◆ DATASET EXTRACT:
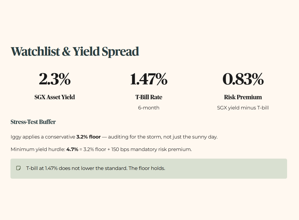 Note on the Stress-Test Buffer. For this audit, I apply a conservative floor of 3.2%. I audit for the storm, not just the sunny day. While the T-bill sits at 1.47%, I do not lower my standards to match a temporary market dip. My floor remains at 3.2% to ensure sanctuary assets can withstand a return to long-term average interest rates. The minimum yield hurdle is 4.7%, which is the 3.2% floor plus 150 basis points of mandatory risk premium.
---
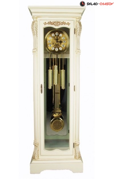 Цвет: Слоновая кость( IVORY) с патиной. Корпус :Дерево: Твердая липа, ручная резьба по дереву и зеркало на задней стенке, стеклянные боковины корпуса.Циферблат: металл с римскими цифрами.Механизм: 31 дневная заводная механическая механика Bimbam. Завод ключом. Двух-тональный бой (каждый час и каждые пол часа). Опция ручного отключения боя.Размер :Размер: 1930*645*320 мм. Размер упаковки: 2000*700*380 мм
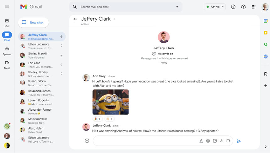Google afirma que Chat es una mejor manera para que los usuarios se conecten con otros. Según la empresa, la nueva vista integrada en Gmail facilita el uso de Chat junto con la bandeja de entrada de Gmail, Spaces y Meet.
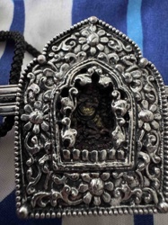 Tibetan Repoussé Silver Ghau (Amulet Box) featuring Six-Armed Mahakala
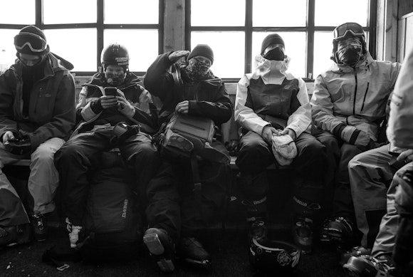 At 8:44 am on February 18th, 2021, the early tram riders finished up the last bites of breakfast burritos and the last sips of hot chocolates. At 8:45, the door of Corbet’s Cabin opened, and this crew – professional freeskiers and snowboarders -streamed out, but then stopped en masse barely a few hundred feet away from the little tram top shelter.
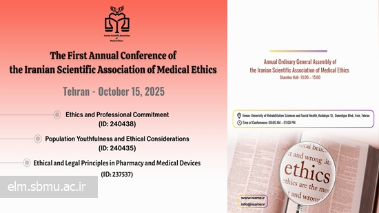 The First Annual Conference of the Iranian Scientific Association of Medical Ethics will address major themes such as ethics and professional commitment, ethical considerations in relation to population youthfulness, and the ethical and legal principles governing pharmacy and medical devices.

◆ EXERCISE INSTRUCTIONS:
Please repeat the lines of the material above exactly, starting with the line that contains "At 8:44 am on" and ending with the line that contains "The First Annual". Leave the pictures out.

◆ FINISHED EXERCISE:
 At 8:44 am on February 18th, 2021, the early tram riders finished up the last bites of breakfast burritos and the last sips of hot chocolates. At 8:45, the door of Corbet’s Cabin opened, and this crew – professional freeskiers and snowboarders -streamed out, but then stopped en masse barely a few hundred feet away from the little tram top shelter.
 The First Annual Conference of the Iranian Scientific Association of Medical Ethics will address major themes such as ethics and professional commitment, ethical considerations in relation to population youthfulness, and the ethical and legal principles governing pharmacy and medical devices.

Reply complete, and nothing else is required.